It’s been quite some time now that I have toyed with the idea of keeping a blog. It’s been a while since I created it, but ever since, I keep trying to figure out what its supposed to be. I guess I’ve finally just come to the conclusion that this will in fact be a catalogue of my heart.
I was made to share my heart, and to let the love that fills it overflow to others. So I think that the best way for me to share that through this is just to share what is on my heart, and that’s generally a lot… At least, it is today, so I’ve decided the time has come, and I’ll kick this baby off, so here I go.
Two years ago, I woke up in the most foreign place I know. I was at New Generation camp in St. Ann’s Bay, Jamaica, and though it was barley 6:30 a.m. I was drenched with sweat the moment the sun woke me. I had the most incredible week of my life at New Generation on that trip. I got to share the time with precious friends from home, and I got to build new relationships with incredible children of God, who will forever hold a dear place in my heart. We laughed a lot, and worked much harder than we would on a normal day at home. We ate very differently, to say the least, and grew slightly accustomed to many new norms. We sweat a whole lot, and bled a little, and came to know a very new definition of exhaustion. Most importantly we saw the hand of the Lord do marvelous works…well, at least I did.
I hated leaving that first time, and my heart ached for Jamaica, every moment of every day, for months. I wanted to drop everything I had at school and home, because all I wanted to do was be there and love the people. For the first time in my life, I wanted something so much, that no matter how long and hard I prayed, God didn’t take it off my heart.
My parents wouldn’t let me quit “life” so instead I changed my major and bottled up my feelings. I told only a small few people what was really on my heart, and I just prayed for Jamaica, and God’s will for me there…a lot.
Almost a year and a half later, after too many setbacks to remember, He finally took me back. The second trip was more than I ever dreamed my return to this place could be, and I was blessed by it far more than I had planned. I got the privilege to share this adventure with my mom, aunt, grandmother, a best friend and others who will remain precious to me forever, and it was on this trip, that God ignited in my heart what I am realizing could become a passion for Christian camping.
Before I left, a friend mentioned Kanakuk to me, and suggested that I look into it. On the trip another seriously encouraged it for my consideration and others mentioned how a camp would be great for my personality. I quickly realized that God obviously had a hand in this, and I began to pray for His will for my summer 2011. Three weeks ago, I found out that it is, in fact, for me to be at Kanakuk, loving on children and families for eight weeks.
I’m so excited for this time, and new adventure. But I am also torn. While I’m at Kamp, I’ll miss another chance to go back to New Generation.
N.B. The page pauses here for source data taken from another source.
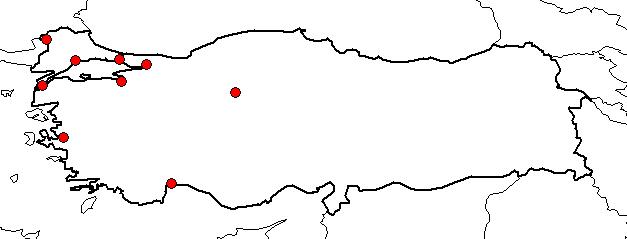 Türkiye dağılımı : KB. Türkiye, B., GB. ve O. Anadolu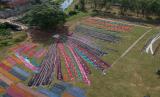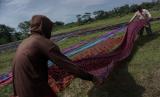 Pekerja melakukan proses penjemuran kain batik di Pekalongan, Jawa Tengah, Kamis (14/7/2022). Pemerintah Kota Pekalongan mencatat realisasi nilai ekspor produk kerajinan pelaku UMKM seperti batik, olahan hasil perikanan dan sarung palekat dari Januari hingga April 2022 mencapai 7.495.602 US Dollar dengan tujuan ekspor di sejumlah negara Eropa, Asia, dan Australia. (FOTO : ANTARA/Harviyan Perdana Putra)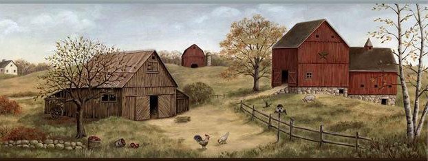 Description: A painting of a farm scene with chickens and a barn in the background with a fence and a tree.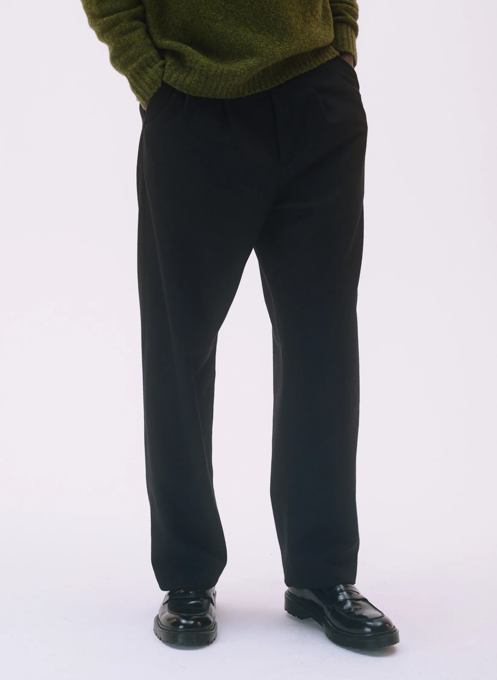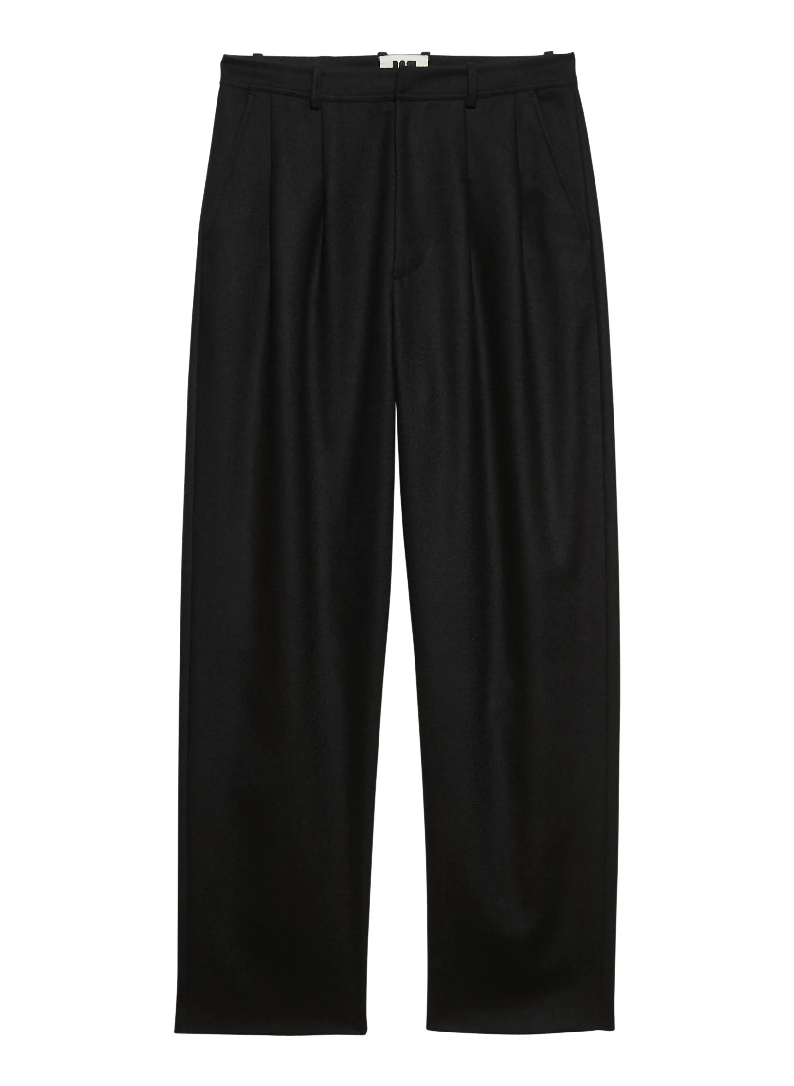 – Pantalon taille haute, à plis piqués, jambe large et droite
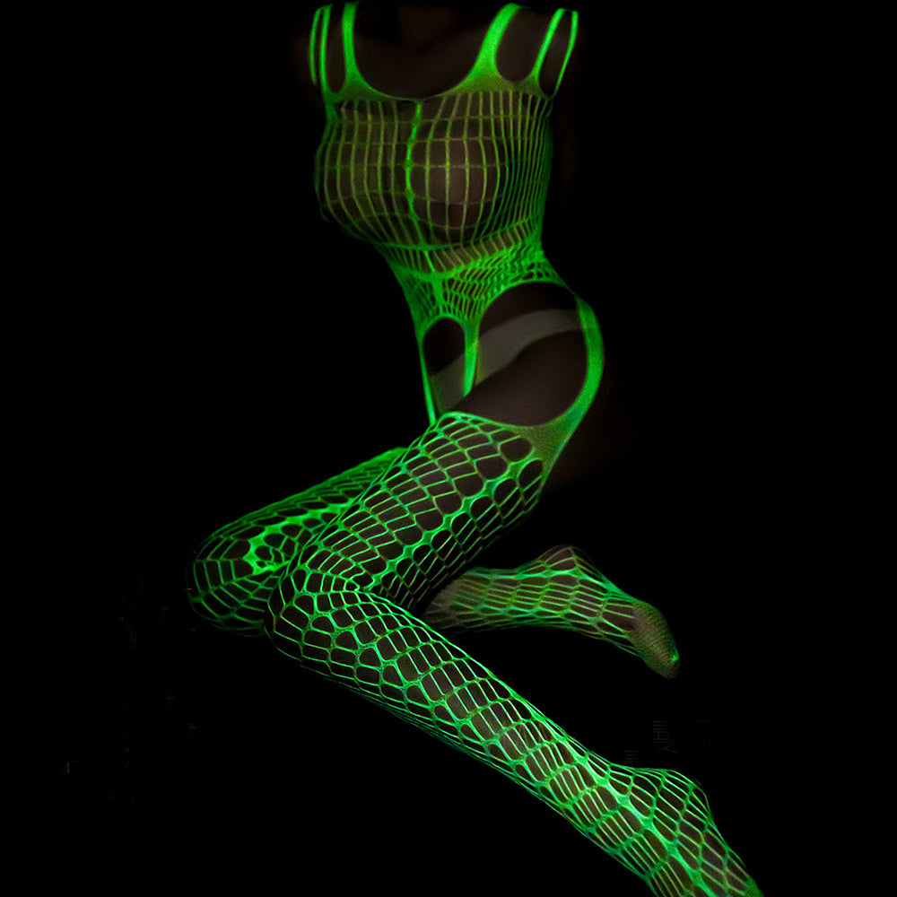 Note: This Luminous Fishnet Bodystocking must be exposed to sunlight or light for a while before it glows, the light intensity increases, colors appear sharpe.
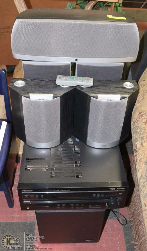 JENSEN SUBWOFFER, POLK AUDIO STAND UP SPEAKERS, JBL CENTER CHANNEL SPEAKER & JBL SIDE SPEAKERS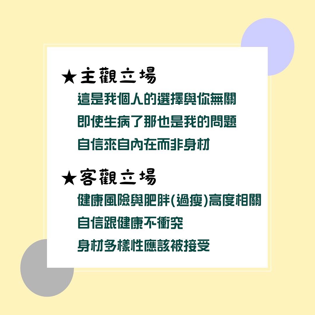 ◇我的身材及生活方式是我個人的選擇,與你們無關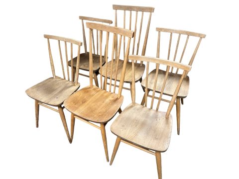 A set of four Ercol elm and beech model 391 spindle back dining chairs, plus a further slightly larger pair. (6)
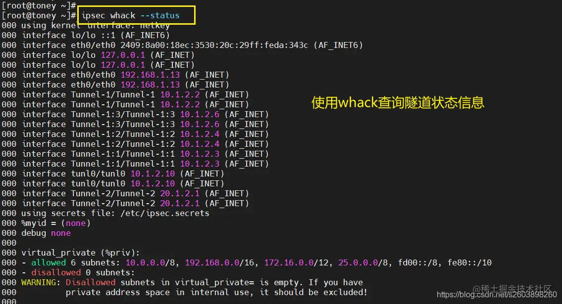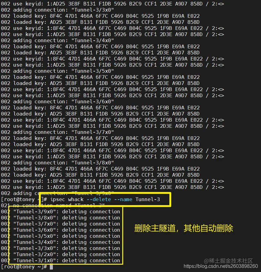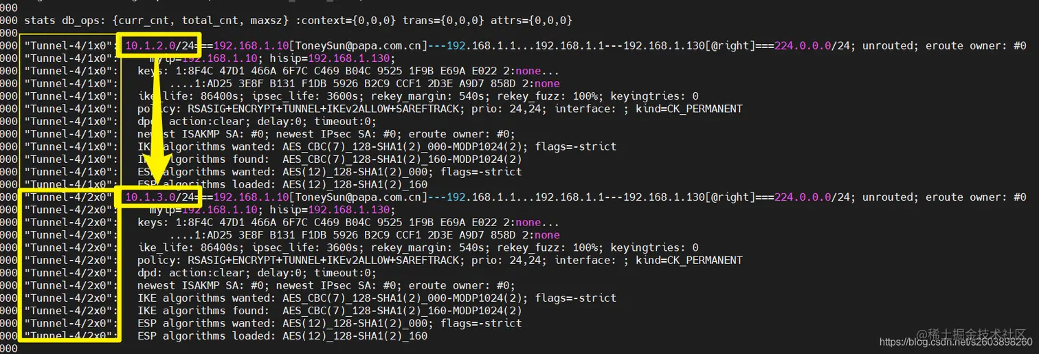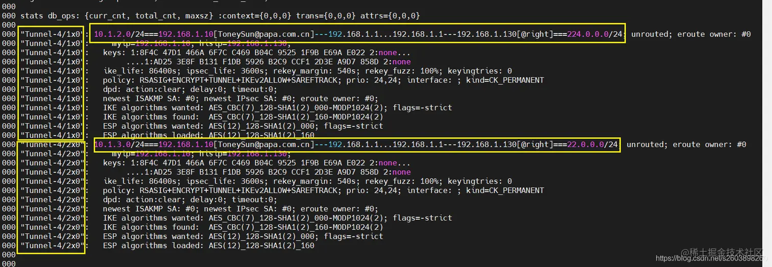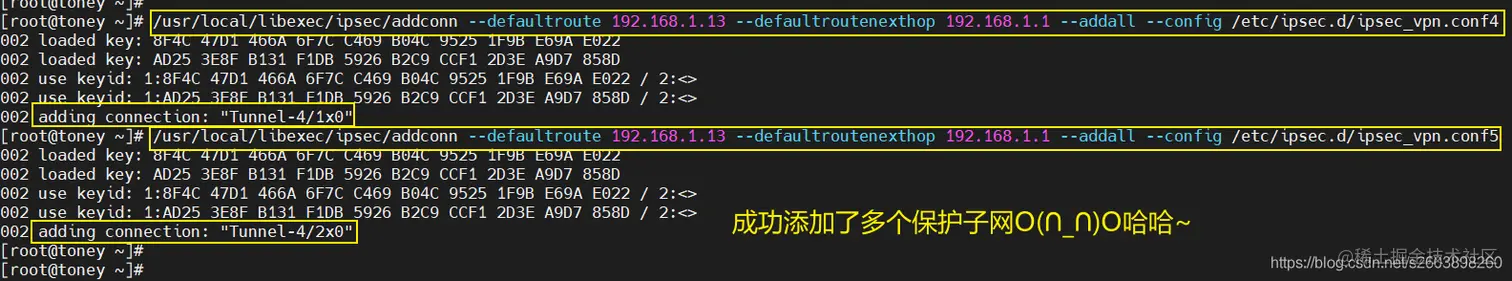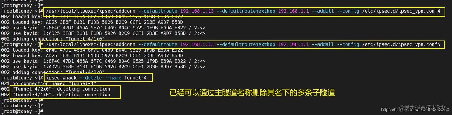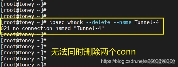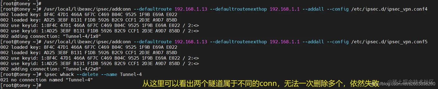 但是无法删除两个连接,因此在pluto中可能认为这是两个不同的连接。so****不是简单的通过隧道名字来实现多个保护子网的。

Until today, I was happy despite that, because I still fully trust that God has planned for me to return eventually. But my heart really misses it.
Since I’ve been back from Jamaica in September, God has shown me that I have a global heart, and I am 150% delighted in this! I don’t have any idea what it means for my long term future, or how my time at Kanakuk will play into that, but I know it’s true, and I can’t wait to see this aspect of my life unfold. But I do know, that there has never been anything that strengthened my trust in the Lord so much. Every day, I wake up and delight in the love of the Lord for me, and the love that I have to share with everyone around me. I’m overwhelmed with joy, to know that as little as I know about my future, He holds it all, and it will come together flawlessly in its time.
So for now, I love His children everywhere, regardless of the distance that separates us, and I dream of the places He will take me. My heart yearns for a time when I will share with brothers and sisters who see God’s love in such different ways, and when I will see how His love flows from them into my life while I love them in return.
Right now I wait, and I share with you this heart, and I ask for your prayer and encouragement on this long, ever-surprising road to His plan for me.